- java - Installation Instruction
- git - Installation Instruction
- docker - Installation Instruction
- Clone this repo to your local
- Execute the script : RunSparkJobOnDocker.sh
This repository contains all the required files to create a n-node spark cluster and run a simple app on it. In this project, the script RunSparkJobOnDocker.sh does the following:
- Pull the Spark image from docker-hub. Tag : 2.2.1
- Build and Create a n-node cluster. Here I'm creating a 3-node cluster. This can be changed by specifying
docker-compose up -d --scale slave=$number_of_nodes
- Wait for 10 seconds so that Docker fully establishes the network connections.

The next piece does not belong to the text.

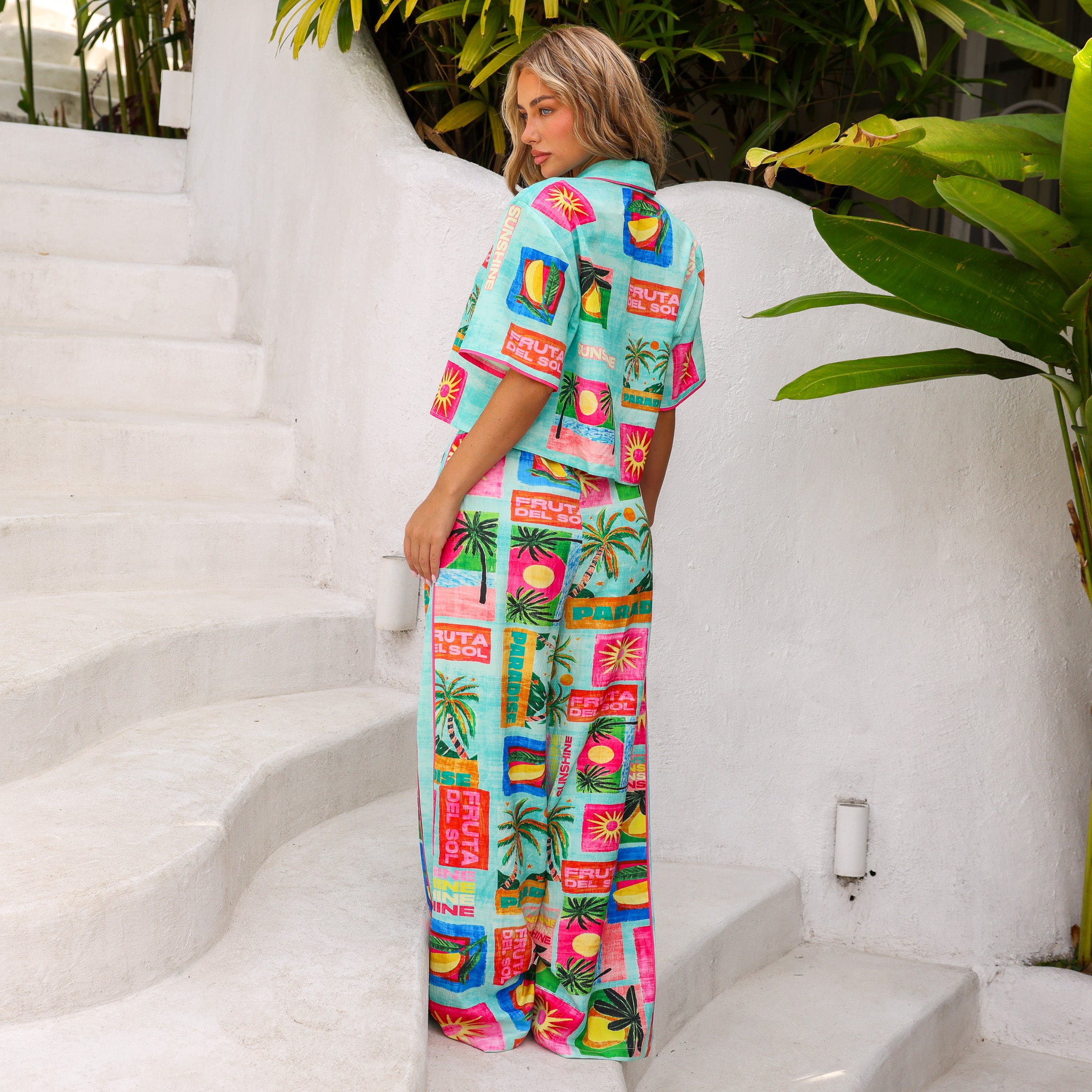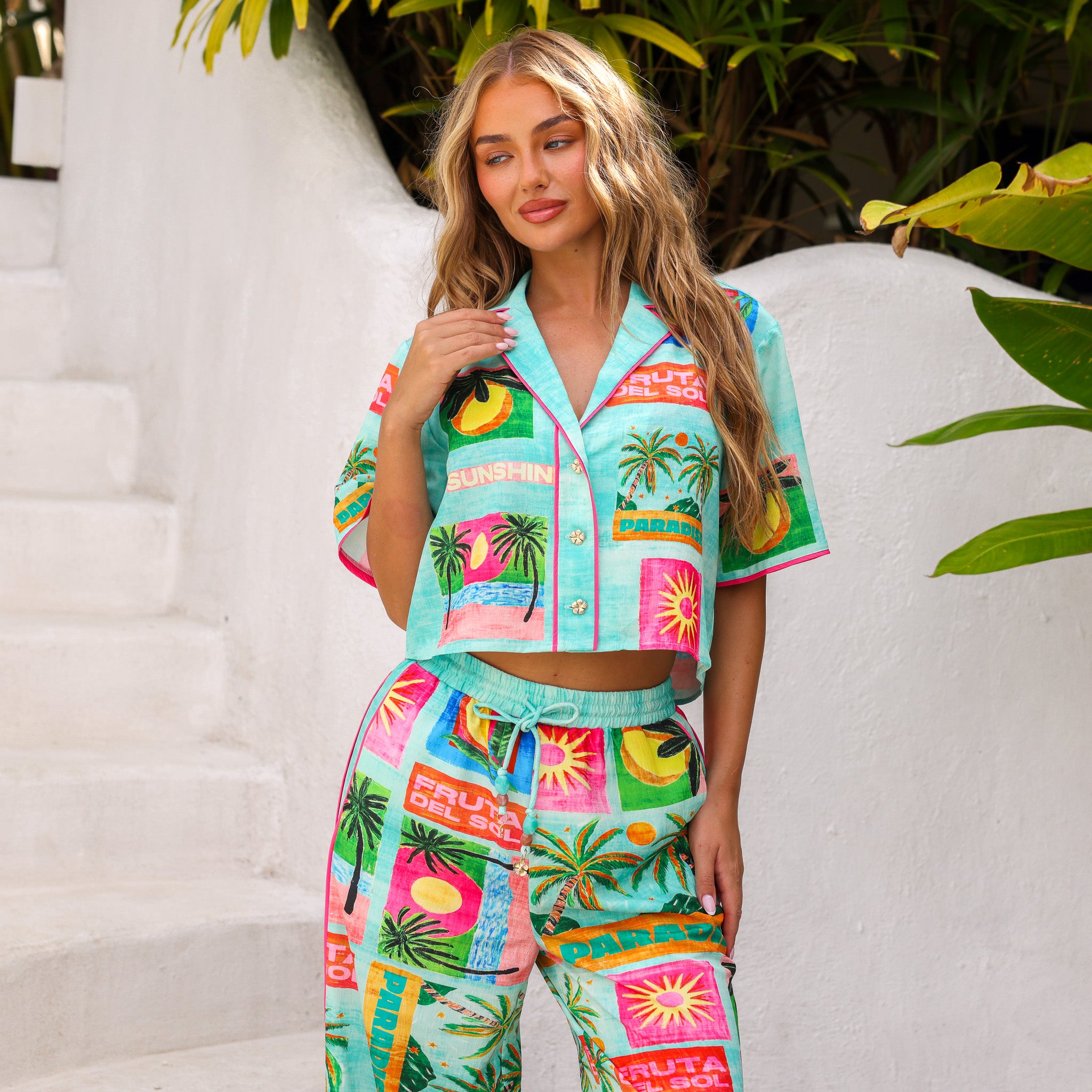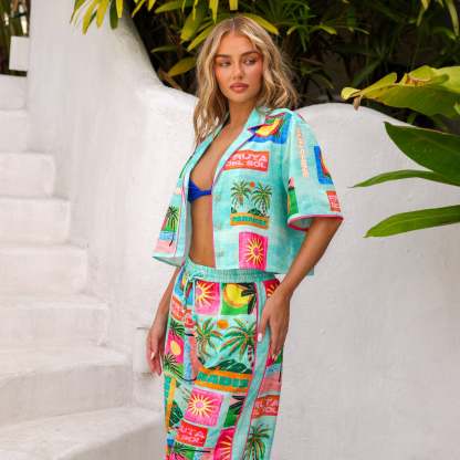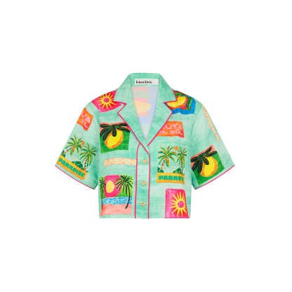 Your ultimate warm-weather statement shirt. The Short Sleeve Summer Shirt features a cropped silhouette with playful piping, hibiscus gold buttons, and a placement print that brings instant summer energy.

- Run the job on the cluster. You can either pull this Source Code and build with Gradle or try something of your own.
- Optional - after successful completion of job, bring down the cluster by running
docker-compose down
.
Master - localhost:8080
History Server - localhost:18080
Executors - The port bindings can be found by running docker ps -a
. Eg:
Pavans-MacBook-Pro:create-and-run-spark-job pavanpkulkarni$ docker ps -a
CONTAINER ID IMAGE COMMAND CREATED STATUS PORTS NAMES
30a51b5f5a77 pavanpkulkarni/spark_image:2.2.1 "/usr/bin/supervisor…" 12 seconds ago Up 16 seconds 4040/tcp, 6066/tcp, 7077/tcp, 8080/tcp, 18080/tcp, 0.0.0.0:32854->8081/tcp create-and-run-spark-job_slave_3
So, the executor can be accessed using localhost:32854
Check this repo for Docker image details
Run the script RemoveContainersAndImages.sh to remove all the containers and images.